Tribune is an ambiguous – and often misused – architectural term, which can have several meanings. Today, it most often refers to a dais or stage-like platform or, in a vaguer sense, any place from which a speech can be prominently made.

==Etymology==
The English term tribune ("raised platform") was derived as early as 1762 from French (tribune) and Italian (tribuna) words. These in turn stemmed from Medieval Latin tribuna and from Classical Latin tribunal, the elevated placing of a tribune's (or other Roman magistrate's) seat for official functions in the manner of a throne.

==Meanings==
- In ancient Rome, the term was used of a semicircular apse in a Roman basilica, with a raised platform, where a presiding magistrate (a tribune, or others) sat in an official chair. Subsequently, it applied generally to any raised structure from which speeches were delivered, including makeshift wooden structures in the Roman Forum and even the private box of the emperor at the Circus Maximus.

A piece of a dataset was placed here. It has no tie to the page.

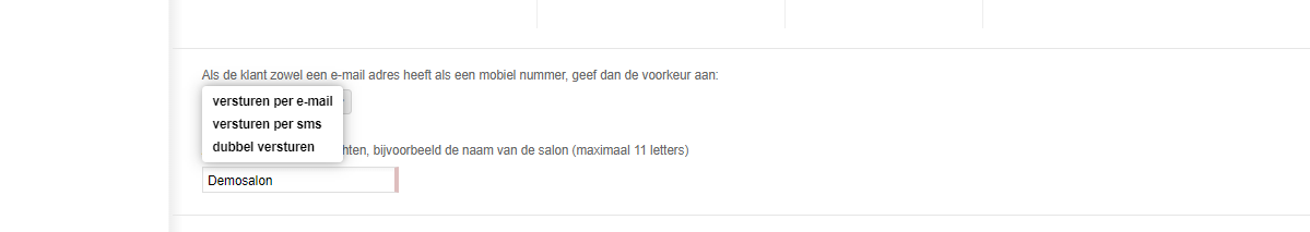 Er kan gekozen worden voor dubbel versturen, of enkel versturen. Bij dubbel wordt het standaard zowel per e-mail als per sms verstuurd. Bij enkel versturen per sms stuurt Salonhub in eerste instantie alleen een sms, maar als er geen nummer bekend is wordt alsnog een e-mail verstuurd.
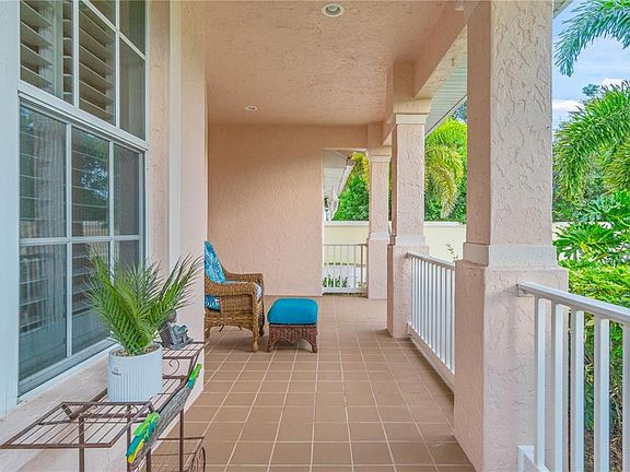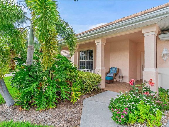 Enjoy this private gated and beautifully landscaped community with sidewalks, pond fountains, park benches, and lantern-lit streets. This recently painted, meticulously maintained home is at the end of a private cul-de-sac and offers the perfect blend of comfort and style. Inside, you’ll find move-in ready 3 bedrooms, 2 full baths, impact glass windows, plantation window shutters, crown molding, tray ceilings, and updated plank ceramic tile flooring. A full-sized laundry room with cabinets and utility sink adds convenience. The covered front porch leads into a spacious foyer with arched doorways, tray ceiling and welcoming wet bar. The well-equipped kitchen is designed for entertaining, featuring ample cabinets, pull out sliding shelving, a serving island, breakfast bar, tray ceiling and dinette area. The open living space has ceramic tile plank flooring and flows seamlessly to the outdoors through triple sliding glass doors. Step onto the expansive wrap-around screened lanai with a private spa looking out to the attractive pond with lighted fountain—ideal for morning coffee or relaxing evenings. The spacious master suite with double sliders offers lanai access, a walk-in closet, and a private en-suite bath with double sinks and a Roman walk-in shower. A split-bedroom layout ensures privacy for guests, with two additional bedrooms and a conveniently located full guest bath. Quality curb appeal includes a tile roof, mature landscaping, inviting front porch, long and wide expanded driveway. Community amenities include resort-style tropical pool with sundeck, clubhouse with fitness room, library, and billiards, patio with tables and umbrellas. Whether living here full-time or seasonally, you’ll enjoy a low-maintenance lifestyle with low HOA fees, no CDD fees, and X flood zone. Centrally located just 15 minutes to Wellen Park, golf, beaches, MLB spring training baseball, boat launches, world class fishing, biking and walking paths, shopping, and medical facilities.

- In Medieval, and later, ecclesiastical architecture, the term applies to an area within a vaulted or semi-domed apse in a room or church. In this sense a tribune may contain a high altar or bishop's seat (cathedra). These features were particularly common in Roman and Byzantine church architecture. In these Christian basilicas the term is often retained for the semicircular recess behind the choir, as at San Clemente in Rome, Sant'Apollinare in Classe in Ravenna, San Zeno at Verona, or San Miniato near Florence. A secular example is its use for the celebrated octagon room of the Uffizi Palace at Florence.
- The sense of the term is sometimes extended to any gallery, balcony, or triforium. (Nikolaus Pevsner, in his book series The Buildings of England (1951–74), is at pains to point out that a tribune and a triforium, while often confused, are not the same thing.) In a church, it may refer to an open arcade overlooking the nave of a church – or indeed any large hall – often situated below a clerestory.
- The term is also loosely applied to various other raised spaces in secular or ecclesiastical buildings – in the latter sometimes in the place of pulpit, as in the Priory of Saint-Martin-des-Champs at Paris. Thus,"tribune" can refer to a dais or stage-like platform, or in a vaguer sense any place in a building from which a speech can be prominently made, which seems a return to the original function of the early Roman tribunal. This is the origin of the common metaphorical use of "tribune" in the names of newspapers, magazines and broadcast news programs.